When I look into cook books for biscuit recipes, I find recipes with all purpose flour and baking powder, recipes with buttermilk, or recipes with yeast. I don’t remember biscuits being made this way; I remember just three ingredients – self-rising flour, shortening, and milk. I finally had to ask my Dad how he made biscuits. He showed me, and then emailed me his recipe...

  • I do about 1 and 1/2 cups of self-rising flour (the other flour won't do).
  • Then I sprinkle about a 1/4 cup of flour onto a paper napkin.
  • I mix the Crisco into the flour with a fork ("cut it in") and that amount is best remembered as "about the size of an egg." I have no idea what the actual measurement is. (If you put to much shortnin' it will be crumbly.)
  • After the shortnin' is cut in I add milk. I add enough milk until it is the consistency I want and that is only about a 1/2 cup (I think). Mix that up with the fork until it looks right. If you use too little milk the biscuits will be dry. Too much you can cook out. If it's too much milk and is a little "sticky" wet than you can cure that by placing the dough on the paper with the flour and sprinkling a little more flour on the top. You've got to have some flour on your hands anyway so you can handle the dough.
  • Then, after it has been mixed up, fork it out onto the paper and mash it all out by hand and fold it 4 times as your mash it into the shape your want. (Mine always ends up kind of square.) Don't be afraid to add more flour to your hands and the top of the dough as you mix.
  • I cook them at 400 degrees here but some call for it to be as high as 425 or even 450.

Notes on Dad’s Recipe - Turned out perfectly. Thanks, Dad!

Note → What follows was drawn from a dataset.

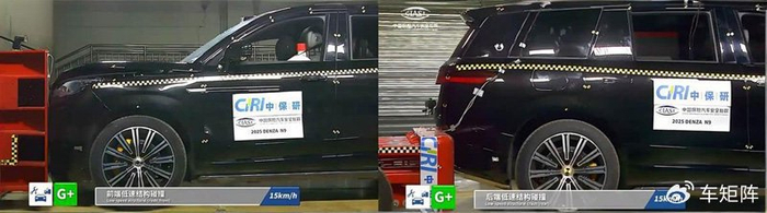 官方数据显示:腾势N9在前四项的测试中均获得“优秀+(G+)”,在新能源汽车专项安全指数中获得“优秀(G)”评价,其中在耐撞性的测试中先后以15km/h前后低速碰撞、64km/h正面25%偏置碰撞及50%偏置碰撞等科目展开,腾势N9均获得优异表现,在车外行人安全及辅助安全测试中行人与骑行者自动紧急制动系统(AEB VRU)测试获满分,并且在新能源专项测试如托底与刮底等项目均全部通过。

  • This recipe makes about 8-10 biscuits.
  • Shortening the size of an egg is about 3 tablespoons.
  • I used about 3/4 cup of milk.
  • I baked the biscuits on a greased sheet for 10 minutes at 450°

Click on the above photo of the back of the Adluh flour bag to enlarge for an almost identical biscuit recipe .

Biscuit Making Technique In order to get biscuits that are fluffy, it’s important not to handle the dough much. Some recipes call for kneading, but there is no kneading involved. Just mix the milk into the flour and shortening mixture until incorporated – do not over mix. Turn this wet glob out onto the floured surface, and sprinkle the top generously with flour. Press down on the dough with floured hands – about two or three presses. (This is not kneading, but merely flattening.) Fold the dough in half, press. You fold four times, adding flour as you go so that the dough does not stick to you. The dough is wetter and softer than you think it is – this is not the elastic dough you are familiar with and pound to death when making bread.Flour with shortening cut in, wet dough turned out onto floured surface, the gentle press, cut biscuit dough.

The scraps left over after cutting the biscuits out that you mash together to form more biscuits will not be light and fluffy - that's what a little extra handling will do to the dough!

Place biscuits butting right up to each other on the baking sheet. This makes the biscuit rise upward further, because you have not given them the room to spread outwards.

Sopping Biscuits – My Dad also taught me how to sop biscuits. Lots of people sop up gravy on their plate with biscuits, but I don’t think I was ever served biscuits and gravy at home. Biscuits were for butter and sweet things like preserves or soppin’. What’s soppin? Soppin’ is dipping biscuits in cane syrup or sorghum syrup that has butter mashed up in it. You add room temperature butter to a shallow dish, pour syrup over the butter, and mash the butter up with a fork. You then dip your biscuit in the butter and syrup mixture, or spoon it up onto your biscuit after each bite.

Goddamn, this is good!

Cane syrup and sorghum syrup are other grocery items that I bring up with me after trips home. Cane syrup is sugarcane juice boiled down into a syrup, and sorghum syrup is the sorghum cane juice boiled down into a syrup. These syrups are thick, strong syrups that some may need to get used to, but very worth a try. It’s even hard to find pure cane syrup and sorghum syrup in the South anymore. Sometimes you have to order the good things – like Southern flour, cane syrup, and sorghum syrup.

I hope this has helped demystify biscuit making. Do search out or order some Southern flour if you're a hardcore biscuit lover - and try sopping, too.